Sebastian knew it was her day, and the rules were clear. What she wanted, she got. He was honor-bound. The muscle jumped in his cheek, and she stifled her urge to gloat. It would be interesting to compare Sebastian to his friend. Simply in the interest of anatomical research, of course. Science at its finest.
With a grunt, Sebastian threw his shovel down and pulled his shirt over his head. Frederica realized she’d rarely seen him in bright sunlight—most of the time, they were in the dark, she was blindfolded or her eyes were closed in bliss as he lay with her in the grass. Her eyes were open now, and the bliss remained. He was lean yet muscled, just a smattering of dark hair on his chest with a faint trail disappearing under his breeches. They dipped low at his waist and for one moment she wondered what he’d do if she asked him to remove those, too. But that would give the game away to Mr. Ryder.

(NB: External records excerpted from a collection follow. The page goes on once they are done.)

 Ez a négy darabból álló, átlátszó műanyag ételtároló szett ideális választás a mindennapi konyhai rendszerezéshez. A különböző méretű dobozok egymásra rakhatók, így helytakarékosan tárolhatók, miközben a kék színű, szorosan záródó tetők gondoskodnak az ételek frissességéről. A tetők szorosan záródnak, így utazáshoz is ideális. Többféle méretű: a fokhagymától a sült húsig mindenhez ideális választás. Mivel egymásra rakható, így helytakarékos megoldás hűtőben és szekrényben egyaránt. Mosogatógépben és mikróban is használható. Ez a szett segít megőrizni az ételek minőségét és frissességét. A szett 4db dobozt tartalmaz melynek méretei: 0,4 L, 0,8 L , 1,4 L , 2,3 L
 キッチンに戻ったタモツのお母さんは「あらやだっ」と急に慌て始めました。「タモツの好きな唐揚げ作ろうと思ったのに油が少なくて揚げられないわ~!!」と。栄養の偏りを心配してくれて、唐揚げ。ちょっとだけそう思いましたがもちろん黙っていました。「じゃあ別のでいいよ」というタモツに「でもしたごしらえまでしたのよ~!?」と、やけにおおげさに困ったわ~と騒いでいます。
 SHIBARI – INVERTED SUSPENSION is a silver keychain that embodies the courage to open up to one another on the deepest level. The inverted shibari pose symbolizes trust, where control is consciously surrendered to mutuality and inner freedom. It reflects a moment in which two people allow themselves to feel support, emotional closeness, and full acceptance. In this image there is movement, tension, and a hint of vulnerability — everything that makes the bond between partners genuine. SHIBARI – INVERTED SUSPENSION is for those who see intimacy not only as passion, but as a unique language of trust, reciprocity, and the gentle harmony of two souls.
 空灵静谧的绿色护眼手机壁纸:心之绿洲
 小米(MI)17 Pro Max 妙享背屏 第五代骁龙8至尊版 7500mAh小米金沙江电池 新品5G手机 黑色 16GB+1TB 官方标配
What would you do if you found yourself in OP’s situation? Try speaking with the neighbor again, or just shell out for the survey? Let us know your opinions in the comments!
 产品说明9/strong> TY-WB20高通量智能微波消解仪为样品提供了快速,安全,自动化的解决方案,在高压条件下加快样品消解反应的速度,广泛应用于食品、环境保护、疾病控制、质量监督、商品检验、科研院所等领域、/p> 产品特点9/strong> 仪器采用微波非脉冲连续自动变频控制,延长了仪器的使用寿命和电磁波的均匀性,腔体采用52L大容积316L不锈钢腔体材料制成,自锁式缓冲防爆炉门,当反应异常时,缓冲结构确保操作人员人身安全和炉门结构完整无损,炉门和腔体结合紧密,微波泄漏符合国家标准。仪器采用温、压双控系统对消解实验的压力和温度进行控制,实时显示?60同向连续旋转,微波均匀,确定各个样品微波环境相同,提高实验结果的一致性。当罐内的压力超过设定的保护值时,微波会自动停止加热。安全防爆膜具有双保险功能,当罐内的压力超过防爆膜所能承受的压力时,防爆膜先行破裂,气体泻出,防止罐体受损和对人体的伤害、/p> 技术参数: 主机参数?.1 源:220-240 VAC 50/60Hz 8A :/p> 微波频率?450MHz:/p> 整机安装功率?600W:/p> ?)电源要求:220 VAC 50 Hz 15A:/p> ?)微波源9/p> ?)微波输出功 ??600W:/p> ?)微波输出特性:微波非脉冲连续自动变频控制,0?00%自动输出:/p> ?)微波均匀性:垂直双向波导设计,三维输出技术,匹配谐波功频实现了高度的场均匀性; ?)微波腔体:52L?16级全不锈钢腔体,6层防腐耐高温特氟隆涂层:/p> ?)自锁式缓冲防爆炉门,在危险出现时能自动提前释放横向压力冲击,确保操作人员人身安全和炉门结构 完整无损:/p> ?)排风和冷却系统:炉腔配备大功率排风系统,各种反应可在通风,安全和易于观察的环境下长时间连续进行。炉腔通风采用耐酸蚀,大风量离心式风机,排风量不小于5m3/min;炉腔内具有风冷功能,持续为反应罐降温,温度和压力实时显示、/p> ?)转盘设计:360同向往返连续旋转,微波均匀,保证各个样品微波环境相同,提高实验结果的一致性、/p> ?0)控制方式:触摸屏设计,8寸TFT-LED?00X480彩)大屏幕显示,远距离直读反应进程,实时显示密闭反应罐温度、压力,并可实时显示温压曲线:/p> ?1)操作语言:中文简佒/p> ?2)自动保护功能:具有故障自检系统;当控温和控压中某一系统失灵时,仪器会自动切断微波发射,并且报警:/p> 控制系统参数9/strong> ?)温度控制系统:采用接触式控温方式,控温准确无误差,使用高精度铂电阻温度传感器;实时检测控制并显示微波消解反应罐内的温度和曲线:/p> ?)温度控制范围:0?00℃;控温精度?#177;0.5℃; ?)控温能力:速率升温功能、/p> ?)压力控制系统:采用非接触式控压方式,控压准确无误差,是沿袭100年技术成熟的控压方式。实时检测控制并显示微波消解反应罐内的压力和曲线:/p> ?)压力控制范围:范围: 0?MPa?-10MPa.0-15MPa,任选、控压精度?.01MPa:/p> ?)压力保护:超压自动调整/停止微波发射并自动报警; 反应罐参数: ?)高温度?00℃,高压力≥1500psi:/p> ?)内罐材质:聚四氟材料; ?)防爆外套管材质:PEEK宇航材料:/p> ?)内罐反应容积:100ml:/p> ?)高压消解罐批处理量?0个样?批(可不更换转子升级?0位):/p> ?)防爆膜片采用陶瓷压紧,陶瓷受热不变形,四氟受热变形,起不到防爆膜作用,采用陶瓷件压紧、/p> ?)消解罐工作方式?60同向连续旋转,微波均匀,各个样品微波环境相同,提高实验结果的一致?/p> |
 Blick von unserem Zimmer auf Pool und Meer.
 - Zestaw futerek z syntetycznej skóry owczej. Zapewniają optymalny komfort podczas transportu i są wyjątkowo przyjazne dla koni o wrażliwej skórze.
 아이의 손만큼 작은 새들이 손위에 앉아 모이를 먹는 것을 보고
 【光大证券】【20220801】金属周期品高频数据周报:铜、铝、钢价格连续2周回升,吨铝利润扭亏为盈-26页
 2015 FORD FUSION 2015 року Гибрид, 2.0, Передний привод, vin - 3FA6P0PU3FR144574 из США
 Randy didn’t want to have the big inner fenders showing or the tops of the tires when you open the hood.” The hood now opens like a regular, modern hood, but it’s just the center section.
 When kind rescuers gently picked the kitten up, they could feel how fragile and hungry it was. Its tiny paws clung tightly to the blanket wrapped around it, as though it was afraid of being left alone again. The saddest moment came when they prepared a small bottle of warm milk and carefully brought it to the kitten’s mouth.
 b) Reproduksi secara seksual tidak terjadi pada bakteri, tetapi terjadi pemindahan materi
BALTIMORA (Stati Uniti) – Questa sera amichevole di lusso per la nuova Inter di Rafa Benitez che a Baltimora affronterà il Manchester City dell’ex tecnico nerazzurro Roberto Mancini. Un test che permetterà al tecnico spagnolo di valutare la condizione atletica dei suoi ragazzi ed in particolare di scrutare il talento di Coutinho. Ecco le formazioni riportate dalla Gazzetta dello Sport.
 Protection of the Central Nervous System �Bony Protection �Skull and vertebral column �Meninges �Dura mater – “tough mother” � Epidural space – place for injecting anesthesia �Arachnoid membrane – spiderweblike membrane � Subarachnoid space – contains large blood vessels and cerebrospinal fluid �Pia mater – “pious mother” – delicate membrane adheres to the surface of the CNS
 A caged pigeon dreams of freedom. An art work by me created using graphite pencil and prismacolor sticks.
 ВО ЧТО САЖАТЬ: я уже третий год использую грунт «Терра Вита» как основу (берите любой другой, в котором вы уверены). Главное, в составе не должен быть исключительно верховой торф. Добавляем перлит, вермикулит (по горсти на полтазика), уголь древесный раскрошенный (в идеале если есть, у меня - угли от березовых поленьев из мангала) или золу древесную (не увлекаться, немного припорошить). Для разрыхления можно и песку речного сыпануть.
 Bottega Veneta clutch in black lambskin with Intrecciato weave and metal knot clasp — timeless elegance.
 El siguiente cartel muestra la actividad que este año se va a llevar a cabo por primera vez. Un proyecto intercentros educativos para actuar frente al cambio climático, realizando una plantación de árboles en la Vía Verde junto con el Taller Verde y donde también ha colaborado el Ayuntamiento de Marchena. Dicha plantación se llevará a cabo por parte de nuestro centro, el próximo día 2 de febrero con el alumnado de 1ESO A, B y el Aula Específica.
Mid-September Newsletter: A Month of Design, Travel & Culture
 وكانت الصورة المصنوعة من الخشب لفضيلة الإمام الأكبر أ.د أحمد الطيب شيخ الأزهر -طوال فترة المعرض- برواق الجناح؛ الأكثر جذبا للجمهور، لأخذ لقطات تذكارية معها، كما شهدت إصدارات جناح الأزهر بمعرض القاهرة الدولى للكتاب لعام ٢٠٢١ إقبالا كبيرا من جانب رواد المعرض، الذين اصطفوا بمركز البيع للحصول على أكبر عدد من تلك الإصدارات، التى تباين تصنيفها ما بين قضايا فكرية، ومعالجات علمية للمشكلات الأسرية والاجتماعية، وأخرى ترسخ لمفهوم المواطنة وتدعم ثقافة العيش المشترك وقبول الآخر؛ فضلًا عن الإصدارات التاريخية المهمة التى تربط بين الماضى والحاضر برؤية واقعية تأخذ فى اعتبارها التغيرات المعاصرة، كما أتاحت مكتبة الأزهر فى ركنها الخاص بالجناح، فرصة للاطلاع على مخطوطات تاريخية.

That gentleman was a bit slower to divest himself of his shirt, but when he did, his back was turned to her. She gave an involuntary gasp.
It was not for admiration, although he was broad and well formed, a little heavier than Sebastian but fit. But his back was striped white, a crisscross of healed-over cane marks. Even if he shared Sebastian’s predilections for domination and submission, surely he could not have enjoyed its resulting scars. He had been brutally used.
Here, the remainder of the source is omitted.